--- START ---
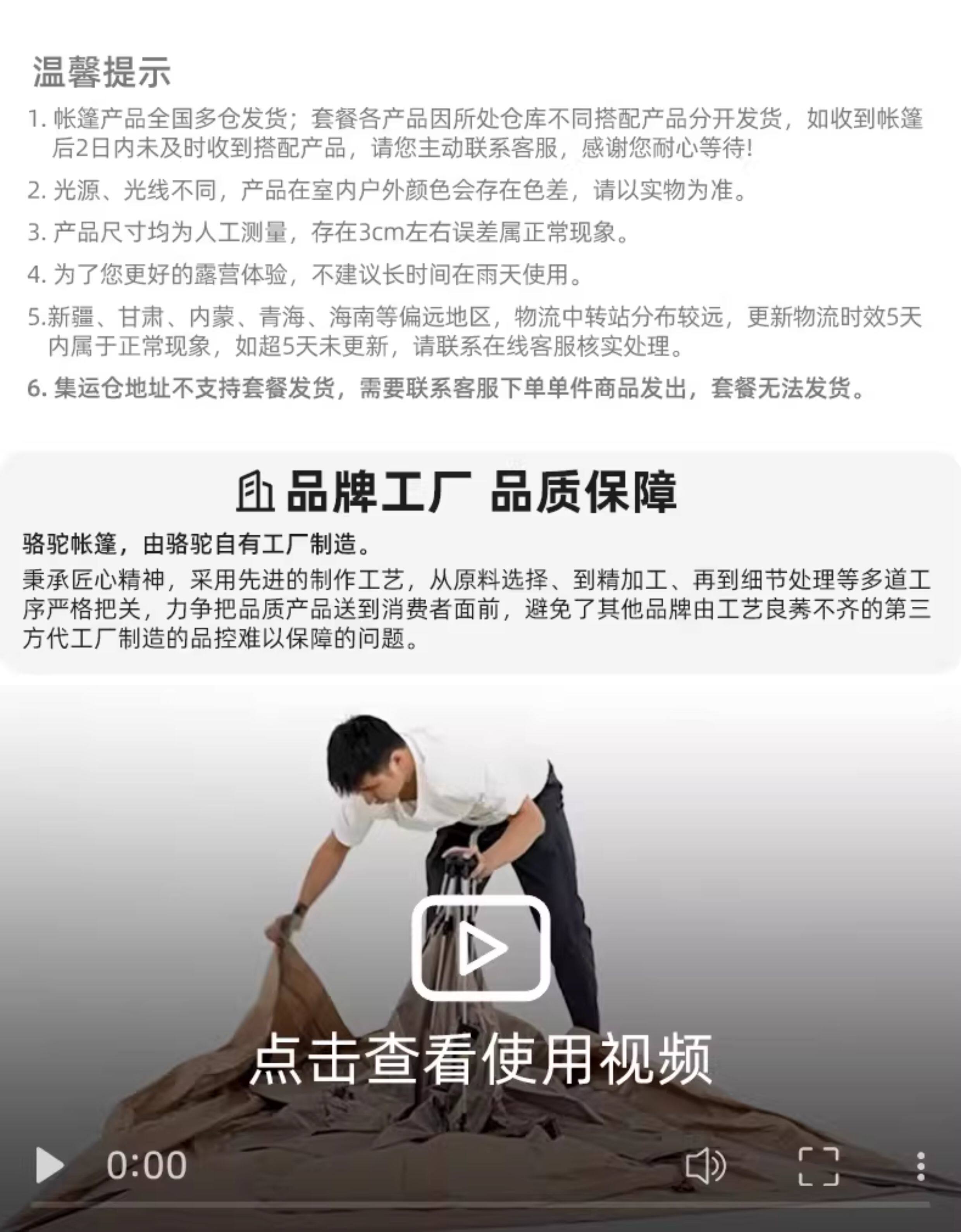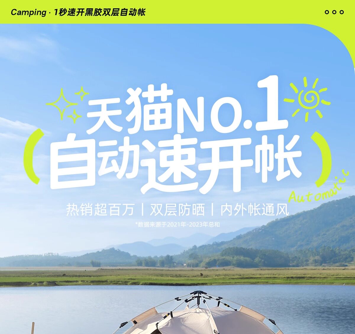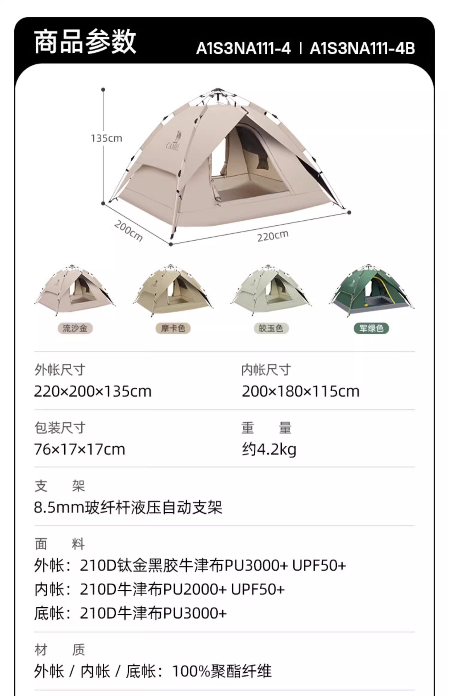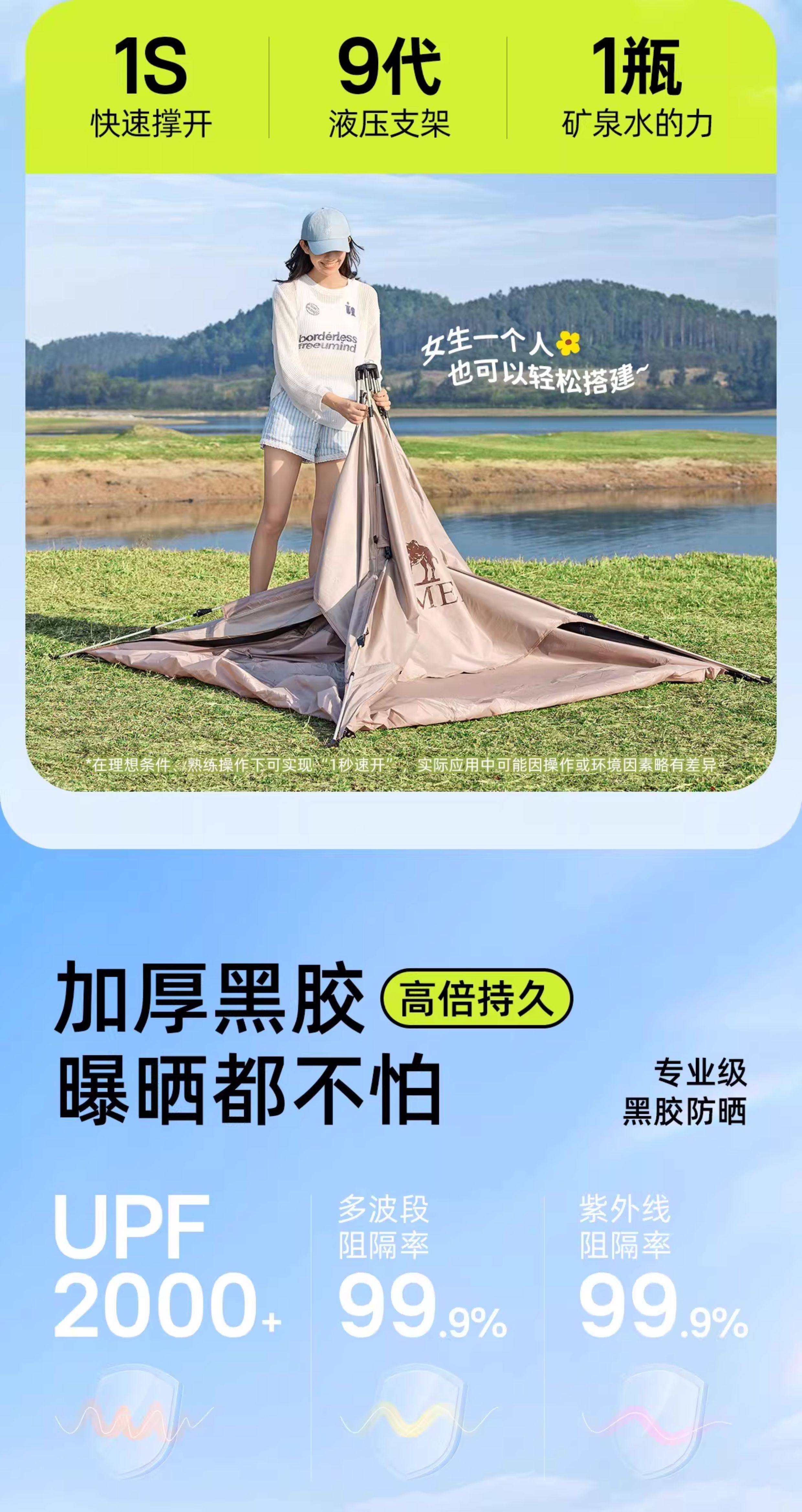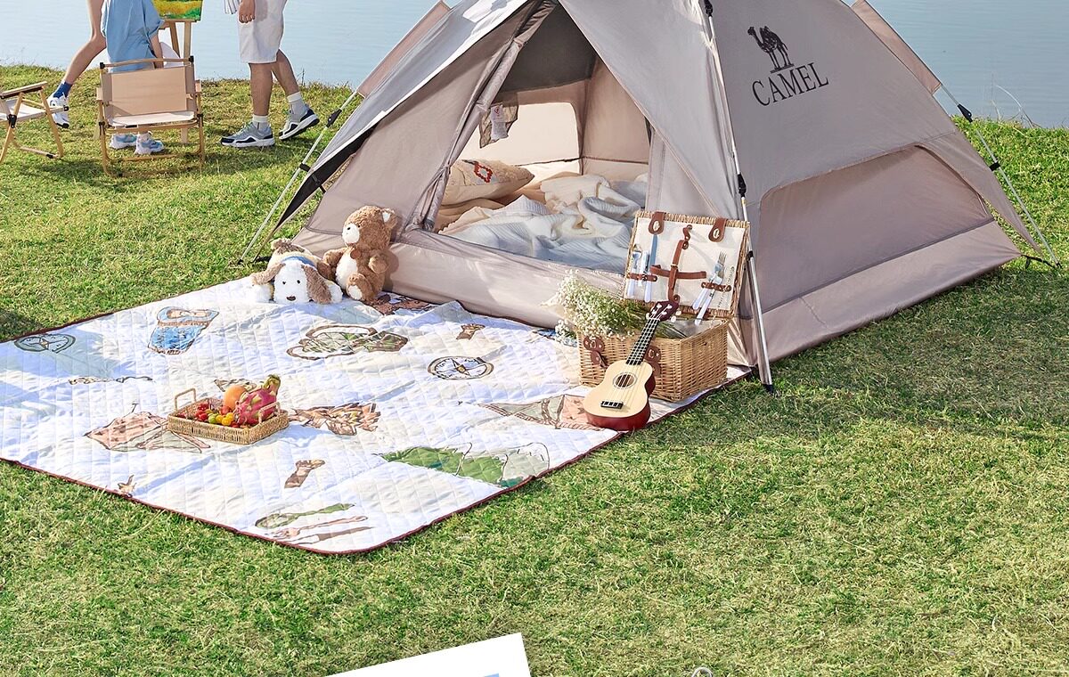 駱駝黑膠防曬帳篷全自動速開可攜式公園野餐戶外過夜防雨露營裝備
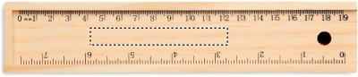 12-teiliges Schreibset in einer Holzbox (2 Bleistifte, 6 Buntstifte, Spitzer, Radierer, Lineal in cm und Inch). Das Lineal dient auch als Deckel.
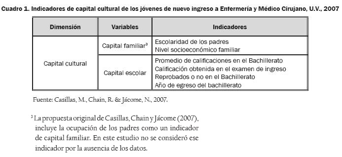 We present a case study of social representations on their profession, have incoming young people to careers in nursing and Surgeon of the Universidad Veracruzana (UV). My hypothesis is that the social origin of students contributes to shaping the professional expectations and anticipations and therefore your choice of career. The aim is to establish whether the set of information, beliefs, opinions and attitudes of young people who chose to race, are associated with the volumes and types of cultural capital. In this case, the choice of career be explained from a socio-cultural dimension, linked to opportunity structures. Youth is characterized by volume of cultural capital and establish statistical associations between it and built a typology of social representations. The results allow to distinguish types of representations between the university, which are being confronted with their cultural capital and their chosen career.
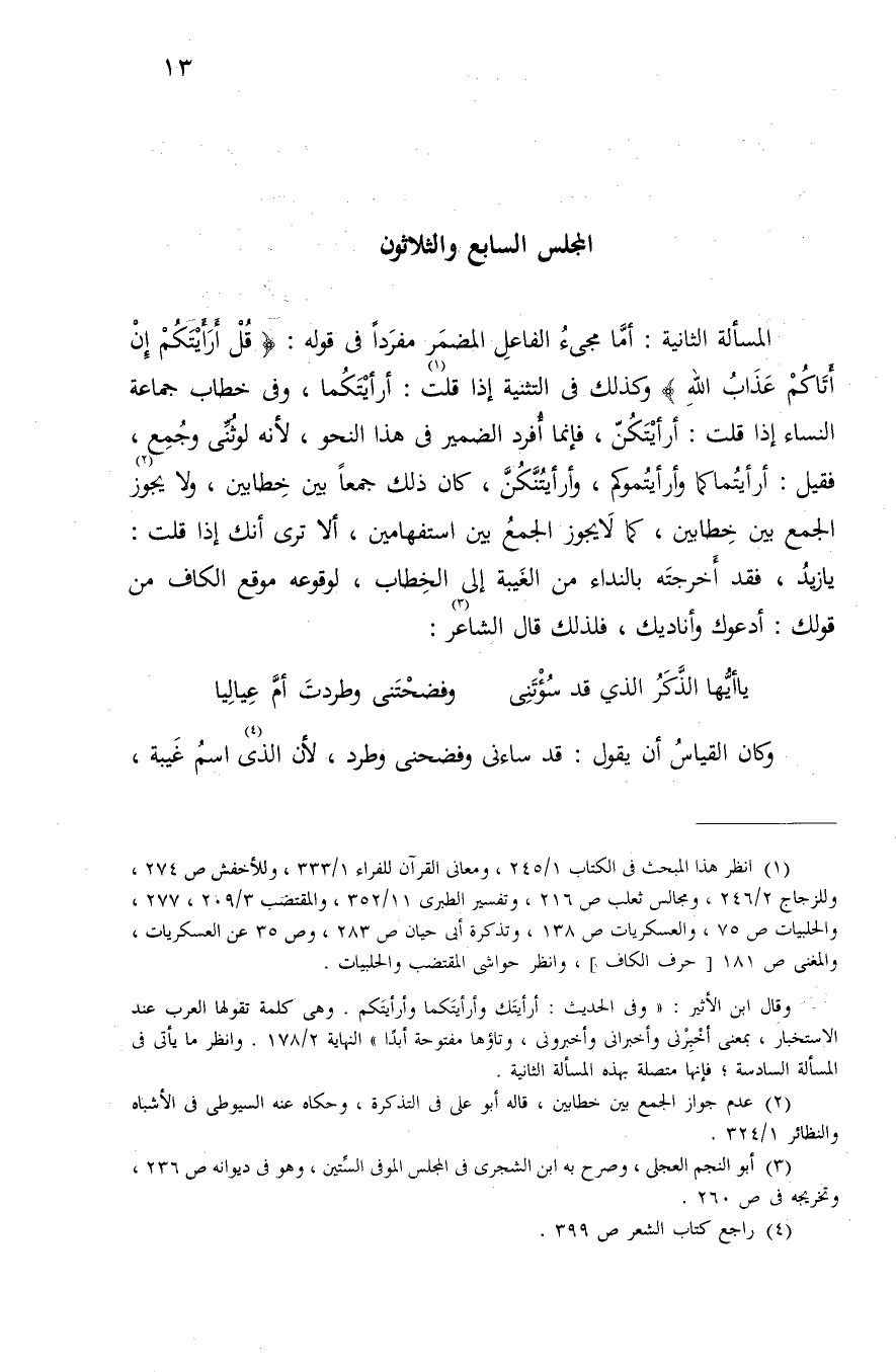 أمّا مجىء الفاعل المضمر مفردا فى قوله: {قُلْ أَرَأَيْتَكُمْ إِنْ أَتاكُمْ عَذابُ اللهِ} وكذلك فى التثنية إذا قلت (¬1): أرأيتكما، وفى خطاب جماعة النساء إذا قلت: أرأيتكنّ، فإنما أفرد الضمير فى هذا النحو، لأنه لو ثنّي وجمع، فقيل: أرأيتما كما وأ رأيتموكم، وأ رأيتنّكنّ، كان ذلك جمعا بين خطابين، ولا يجوز (¬2) الجمع بين خطابين، كما لا يجوز الجمع بين استفهامين، ألا ترى أنك إذا قلت:
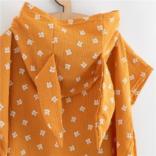 Dětské mušelínové pončo New Baby Feeling. Stylové pončo nejen na doma, ale i na plavání u bazénku, nebo u vody. Mušelínové pončo je díky materiálu lehké, vzdušné a krásně savé. Pončo bude chránit dítě před chladem a poslouží i jako jemná osuška. Díky volnému jedinečnému střihu a roztomilým ouškám udělá dětem velkou radost. Svým střihem s děťátkem poroste a padne na každou postavu. Vypadá skvěle a lze využívat po celý rok. Pro snazší oblékání a svlékání jsou na boku cvočky. Tím vznikne možnost provést otvor na ruku, nebo nechat střih volný. Vpředu je praktická kapsa, která se dětem určitě bude velmi hodit.
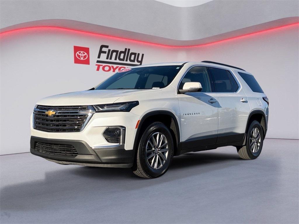 # 1 SELLING TOYOTA DEALERSHIP IN NEVADA. LARGEST INVENTORY OF NEW AND PRE-OWNED VEHICLES. JOHN BARR SAYS ""I WILL DO ANYTHING TO SELL YOU A CAR""2023 LT Chevrolet TraverseLooking for the best quality used cars near Las Vegas? Findlay Toyota of Henderson is your top destination. As the premier dealership in Nevada, we offer an extensive selection of top-notch pre-owned vehicles, ensuring you find the perfect car to fit your needs and budget. Conveniently located at 7733 Eastgate Rd in the Valley Automall, our dealership spans 12 1⁄2 acres and features a 145,000-square-foot facility, including Nevada’s only Master Certified Toyota Service Department. Our expert sales and financing teams are dedicated to providing a hassle-free buying experience, and our state-of-the-art service center is equipped to handle everything from routine maintenance to major repairs. Our multilingual staff speaks 14 languages, making us accessible to a diverse range of customers. Beyond exceptional service, we are committed to giving back to the Henderson community through initiatives like Toys for Tots and the Las Vegas Rescue Mission. Discover why Findlay Toyota of Henderson is the trusted choice for quality used cars and exceptional service. Visit us today and drive home in your dream car! This Chevrolet Traverse is equipped with the following equipment: Cargo Package (LPO) (Retractable Cargo Shade and Vertical Cargo Net (LPO)), Convenience & Driver Confidence Package (4.2"" Multi-Color Enhanced Driver Instrument Display, Heated Driver & Front Passenger Seats, Radio: Chevrolet Infotainment 3 Plus System, Rear Power Liftgate, Remote Start, SiriusXM w/360L, and Universal Home Remote), Front License Plate Bracket Mounting Package, Preferred Equipment Group 1LT, Rear Camera Mirror Package (HD Surround Vision, Rear Camera Mirror Washer, and Rear Pedestrian Alert), 2-Way Manual Front Passenger Seat Adjuster, 3.49 Axle Ratio, 3rd row seats: split-bench, 4-Wheel Disc Brakes, 6 Speakers, 6-Speaker Audio System Feature, 8-Way Power Driver Seat Adjuster, ABS brakes, Air Conditioning, Alloy wheels, AM/FM radio: SiriusXM, Apple CarPlay/Android Auto, Auto High-beam Headlights, Automatic temperature control, Black Roof Rails, Brake assist, Bumpers: body-color, Compass, Delay-off headlights, Driver door bin, Driver vanity mirror, Dual front impact airbags, Dual front side impact airbags, Electronic Stability Control, Emergency communication system, Exterior Parking Camera Rear, Four wheel independent suspension, Front anti-roll bar, Front Bucket Seats, Front Center Armrest, Front dual zone A/C, Front reading lights, Fully automatic headlights, Heated door mirrors, Illuminated entry, Leather steering wheel, Low tire pressure warning, Not Equipped w/Hood Insulator, Occupant sensing airbag, Outside temperature display, Overhead airbag, Overhead console, Panic alarm, Passenger door bin, Passenger vanity mirror, Power door mirrors, Power Driver Lumbar Control, Power driver seat, Power steering, Power windows, Premium Cloth Seat Trim, Radio data system, Radio: Chevrolet Infotainment System AM/FM Stereo, Rear air conditioning, Rear anti-roll bar, Rear reading lights, Rear window defroster, Rear window wiper, Remote keyless entry, Security system, SiriusXM Radio, Speed control, Speed-sensing steering, Spoiler, Steering wheel mounted audio controls, Tachometer, Telescoping steering wheel, Tilt steering wheel, Traction control, Trip computer, Turn signal indicator mirrors, Variably intermittent wipers, Voltmeter, and Wheels: 18"" Bright Silver-Painted Aluminum. ** This 2023 Chevrolet Traverse is equipped with 3.6L V6 SIDI VVT FWD**, ** and this Traverse is trimmed in Iridescent Pearl Tricoat with Jet Black interior**.
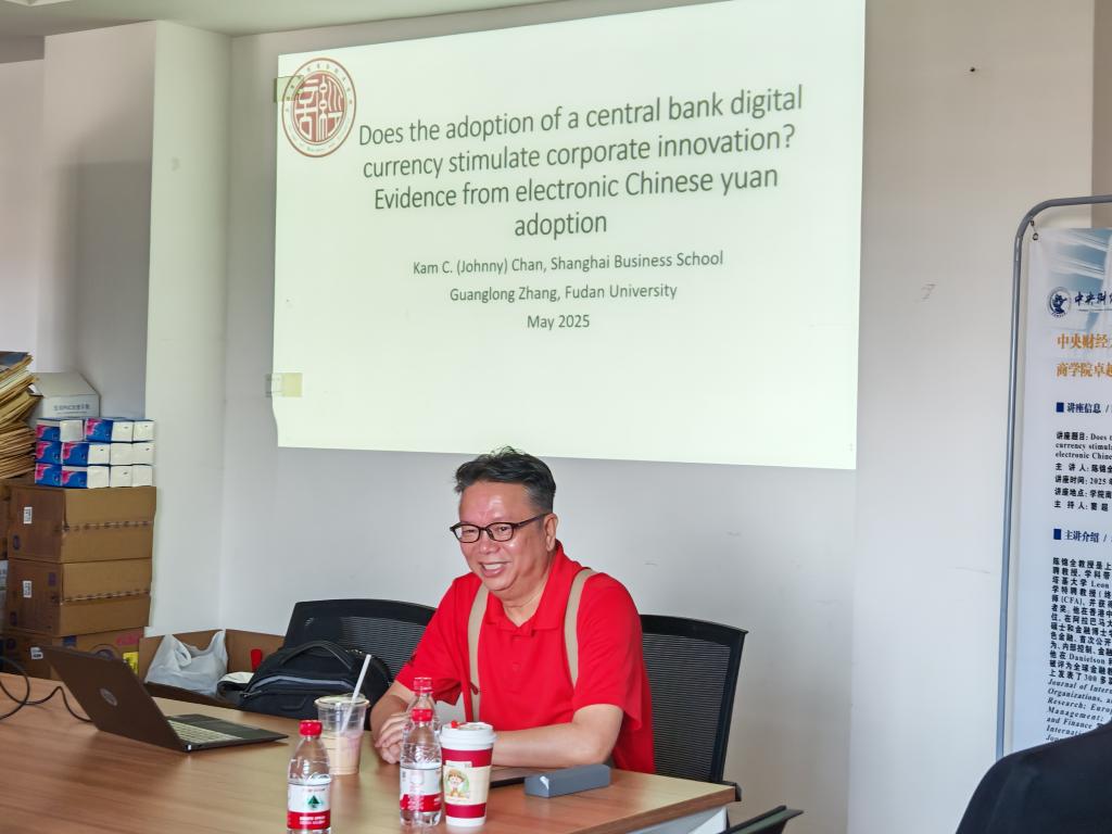 Prof. Chen Jin delivered a lecture titled "Does the Adoption of a Central Bank Digital Currency Stimulate Corporate Innovation? Evidence from Electronic Chinese Yuan Adoption". Based on data from the phased pilot of the digital Chinese yuan (e-CNY) in China, he explored the incentive effect of central bank digital currencies (CBDCs) on corporate innovation. The lecture analyzed how the digital yuan promotes the quantity, quality, and efficiency of corporate innovation by enhancing the transparency and traceability of government subsidies, alleviating corporate agency problems, and reducing financial constraints. A difference-in-differences research design showed that compared with the control group, R&D expenditures of pilot enterprises increased significantly, and innovation activities further boosted productivity, product differentiation, growth capacity, and profitability, enhancing corporate market competitiveness. Prof. Chen Jin's research revealed the positive contribution of CBDCs as financial technology innovations to the development of the real economy, providing profound academic inspiration to the audience.
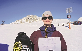 1月14日,在瑞士拉克斯,瑞士单板滑雪运动员约纳斯·伯西格尔手举“一起向未来”的主题口号,祝福北京冬奥会。约纳斯·伯西格尔将参加北京冬奥会自由式滑雪坡面障碍技巧和大跳台两个项目的比赛。新华社记者 肖亚卓 摄
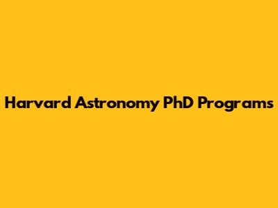 Harvard Astronomy PhD Programs
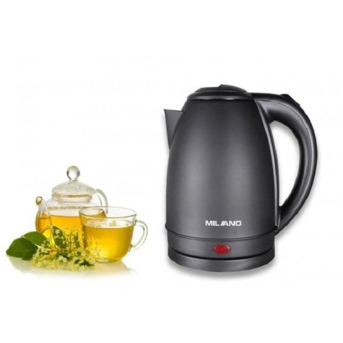 Milano KT-2001B - електричний чайник в універсальному дизайні, який чудово виглядає у кожному кухонному інтер'єрі. Сталевий корпус надійно захищає усі деталі чайника від пошкоджень. Він не потребує особливого догляду та має відмінні експлуатаційні якості. Потужність 1500 Вт, якої цілком достатньо для ефективного нагрівання води, при цьому апарат відрізняється високою економічністю. Він вміщує в собі 1,8 води, завдяки чому чудово підходить як маленькій, так і великій родині. Оснащений функцією автоматичного відключення під час закипання води, що не може не тішити, а функція автовідключення за відсутності води вбереже його від поломок і значно збільшить експлуатаційний термін.
--- END ---
• [WHAT THIS TASK INVOLVES] In the listing above, find the line containing "أمّا مجىء الفاعل". Output it and every line after it up to and including the line containing "Dětské mušelínové pončo", exactly, but skip the pictures.

• [OUTPUT FOR THIS EXERCISE]
 أمّا مجىء الفاعل المضمر مفردا فى قوله: {قُلْ أَرَأَيْتَكُمْ إِنْ أَتاكُمْ عَذابُ اللهِ} وكذلك فى التثنية إذا قلت (¬1): أرأيتكما، وفى خطاب جماعة النساء إذا قلت: أرأيتكنّ، فإنما أفرد الضمير فى هذا النحو، لأنه لو ثنّي وجمع، فقيل: أرأيتما كما وأ رأيتموكم، وأ رأيتنّكنّ، كان ذلك جمعا بين خطابين، ولا يجوز (¬2) الجمع بين خطابين، كما لا يجوز الجمع بين استفهامين، ألا ترى أنك إذا قلت:
 Dětské mušelínové pončo New Baby Feeling. Stylové pončo nejen na doma, ale i na plavání u bazénku, nebo u vody. Mušelínové pončo je díky materiálu lehké, vzdušné a krásně savé. Pončo bude chránit dítě před chladem a poslouží i jako jemná osuška. Díky volnému jedinečnému střihu a roztomilým ouškám udělá dětem velkou radost. Svým střihem s děťátkem poroste a padne na každou postavu. Vypadá skvěle a lze využívat po celý rok. Pro snazší oblékání a svlékání jsou na boku cvočky. Tím vznikne možnost provést otvor na ruku, nebo nechat střih volný. Vpředu je praktická kapsa, která se dětem určitě bude velmi hodit.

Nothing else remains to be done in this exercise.